L’aducanumab, un anticorpo monoclonale IgG1 umano anti-amiloide specifico per gli oligomeri beta-amiloidi implicati nella fisiopatologia della malattia di Alzheimer, è disponibile come infusione mensile per trattare la malattia di Alzheimer. Anche se alcuni esperti ritengono che l’aducanumab sia il primo efficace trattamento modificante la malattia per la malattia di Alzheimer, la sua approvazione da parte della Food and Drug Administration (FDA) è stata controversa. L’approvazione accelerata del farmaco si basava principalmente sulla sua capacità di ridurre le placche di beta-amiloide cerebrale nei pazienti in studi clinici. Ma la prova del beneficio clinico (rallentamento della progressione della malattia) in questi studi era incoerente; pertanto, sono necessari ulteriori studi per confermare il beneficio clinico. (Alexander et al 2021)
Le terapie con anticorpi monoclonali anti-amiloide, tra cui il su citato aducanumab, hanno anche effetti avversi, tra cui anomalie di imaging correlate all’amiloide (amyloid-related imaging abnormalities, ARIA), che consistono in cambiamenti del segnale RM di edema cerebrale (ARIA-E) e/o microemorragia ed emosiderosi superficiale (ARIA-H). Allo studio altri farmaci.

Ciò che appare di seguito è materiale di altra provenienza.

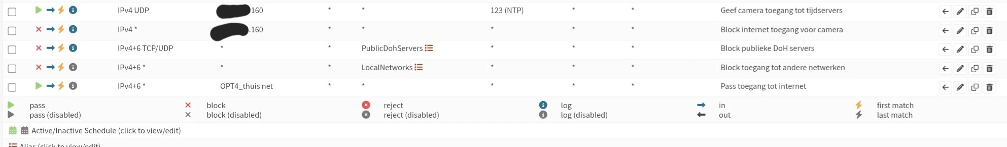 Wij hebben hier een TAPO camera hangen sinds kort. Deze hangt gewoon in het normale thuisnetwerk. Met een firewall regel hebben we toeging tot internet voor specifiek dit apparaat geblokkeerd. Dit doen we op een Opnsense router.
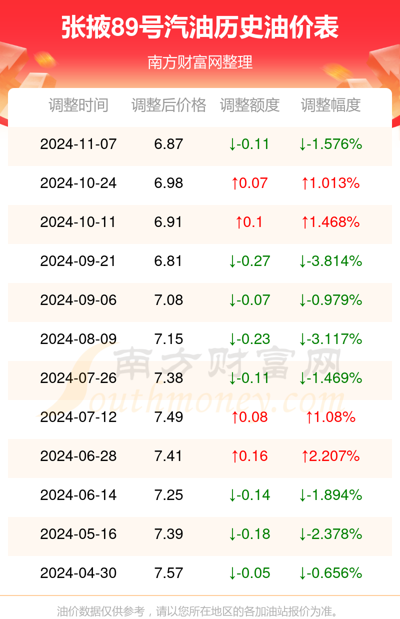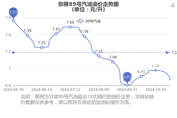 张掖89号汽油11月24日最新价格为6.87元/升,为11月7日油价调整后的价格,相对上次调整时间10月24日的油价6.98元每升,下跌了0.11元,下跌1.576%。
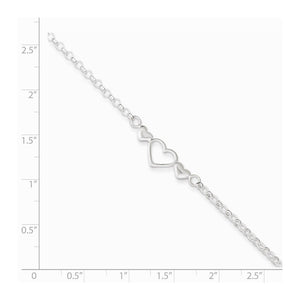 Flirty and feminine, this triple heart bracelet will wrap around your ankle with elegant sensuality. It is designed from polished sterling silver, features a 2mm width solid link rolo chain finished with a spring ring clasp and is adjustable in length from 9 to 10 inches. The open heart in the center is approximately 7mm in width.
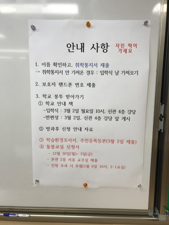 예비소집일에 대한 소문 중의 하나는 '1분 만에 끝난다'는 것. 정식 오리엔테이션은 아니지만 그래도 뭔가 오피셜한 무언가가 있겠지 하며 기대했다. 초등학교 안을 미리 구경할 수 있다는 것도 기대 거리 중의 하나였다. 꽁이와 나는 취학통지서 내에 적혀 있는 1-1반, 1-2반 교실을 찾아 3층으로 올라갔다. 그중 우리가 사는 OO아파트가 적힌 1-1반 교실에서 선생님께 취학통지서를 내니 명단에서 아이 이름을 찾아 그 옆에 보호자인 나의 이름과 연락처를 기재하셨다. 그리고 서류 봉투 하나를 건네주시며 칠판에 적혀 있는 공지사항을 사진 찍어 가라고 하셨다. 그게 끝이었다. 정말 1분 정도 소요되었을까...

L’efficacia di alte dosi di vitamina E (1000 UI per via orale 1 volta/die o 2 volte/die), selegilina, FANS, estratti di ginkgo biloba, e statine non è chiara. La terapia con estrogeni non sembra utile nella prevenzione o per il trattamento e può essere dannosa.
Si stanno studiando altri farmaci. L’efficacia di alte dosi di vitamina E (1000 UI per via orale 1 volta/die o 2 volte/die), selegilina, FANS, estratti di ginkgo biloba, e statine non è chiara. La terapia con estrogeni non sembra utile nella prevenzione o per il trattamento e può essere dannosa.

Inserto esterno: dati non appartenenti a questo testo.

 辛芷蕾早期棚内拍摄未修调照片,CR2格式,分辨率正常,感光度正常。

Prognosi della malattia di Alzheimer
Nonostante il grado di progressione vari nei pazienti con malattia di Alzheimer, il declino cognitivo è inevitabile. La sopravvivenza media dal momento della diagnosi è di 7 anni, ma su tale aspetto non c’è concordanza. La sopravvivenza media dal momento in cui i pazienti non riescono più a camminare è di circa 6 mesi.
Prevenzione della malattia di Alzheimer
Preliminari studi osservazionali suggeriscono che il rischio di malattia di Alzheimer può essere ridotto dai seguenti accorgimenti:
- Continuare a svolgere attività mentali impegnative (p. es., apprendimento di nuove competenze, fare le parole crociate), anche in età avanzata
- Effettuare esercizio fisico regolare
- Controllare l’ipertensione arteriosa se presente
- Abbassare i livelli di colesterolo
- Consumare una dieta ricca di acidi grassi omega-3 e povera di grassi saturi
- Bere alcol in quantità modeste
Tuttavia, non ci sono prove convincenti che le persone che non bevono alcolici debbano iniziare a bere per prevenire la malattia di Alzheimer. Una volta che la demenza si è sviluppata, viene normalmente raccomandato di astenersi dal consumo di alcol in quanto l’alcol può peggiorare i sintomi della demenza.